Where the lines below hold images, skip those and copy every word exactly.
** Information provided follows **
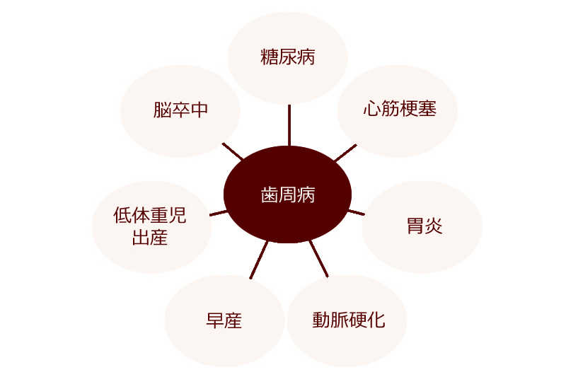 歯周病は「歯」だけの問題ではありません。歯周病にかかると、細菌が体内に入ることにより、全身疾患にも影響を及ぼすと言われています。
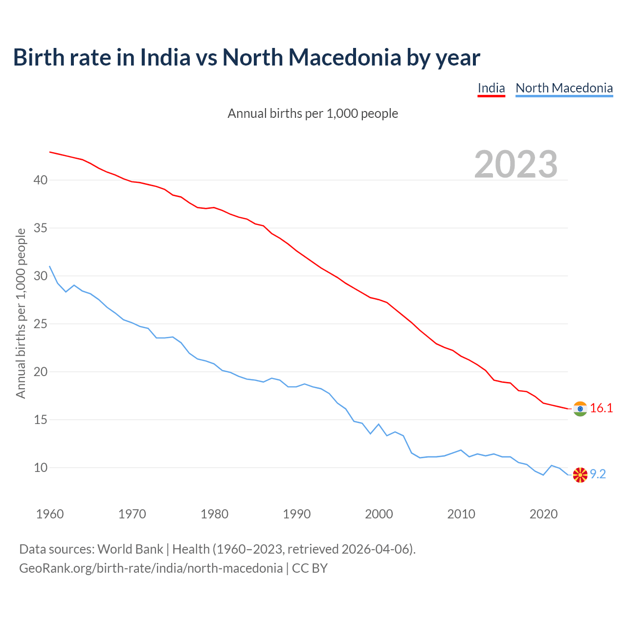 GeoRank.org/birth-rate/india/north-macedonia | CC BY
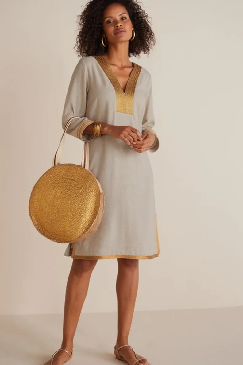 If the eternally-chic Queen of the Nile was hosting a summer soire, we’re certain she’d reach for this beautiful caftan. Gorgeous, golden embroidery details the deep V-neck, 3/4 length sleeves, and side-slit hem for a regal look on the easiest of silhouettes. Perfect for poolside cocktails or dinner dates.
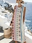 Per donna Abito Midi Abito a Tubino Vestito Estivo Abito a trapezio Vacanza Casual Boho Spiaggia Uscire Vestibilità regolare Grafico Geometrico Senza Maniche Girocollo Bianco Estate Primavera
** End of Information provided **
• [Finished exercise]:
 歯周病は「歯」だけの問題ではありません。歯周病にかかると、細菌が体内に入ることにより、全身疾患にも影響を及ぼすと言われています。
 GeoRank.org/birth-rate/india/north-macedonia | CC BY
 If the eternally-chic Queen of the Nile was hosting a summer soire, we’re certain she’d reach for this beautiful caftan. Gorgeous, golden embroidery details the deep V-neck, 3/4 length sleeves, and side-slit hem for a regal look on the easiest of silhouettes. Perfect for poolside cocktails or dinner dates.
 Per donna Abito Midi Abito a Tubino Vestito Estivo Abito a trapezio Vacanza Casual Boho Spiaggia Uscire Vestibilità regolare Grafico Geometrico Senza Maniche Girocollo Bianco Estate Primavera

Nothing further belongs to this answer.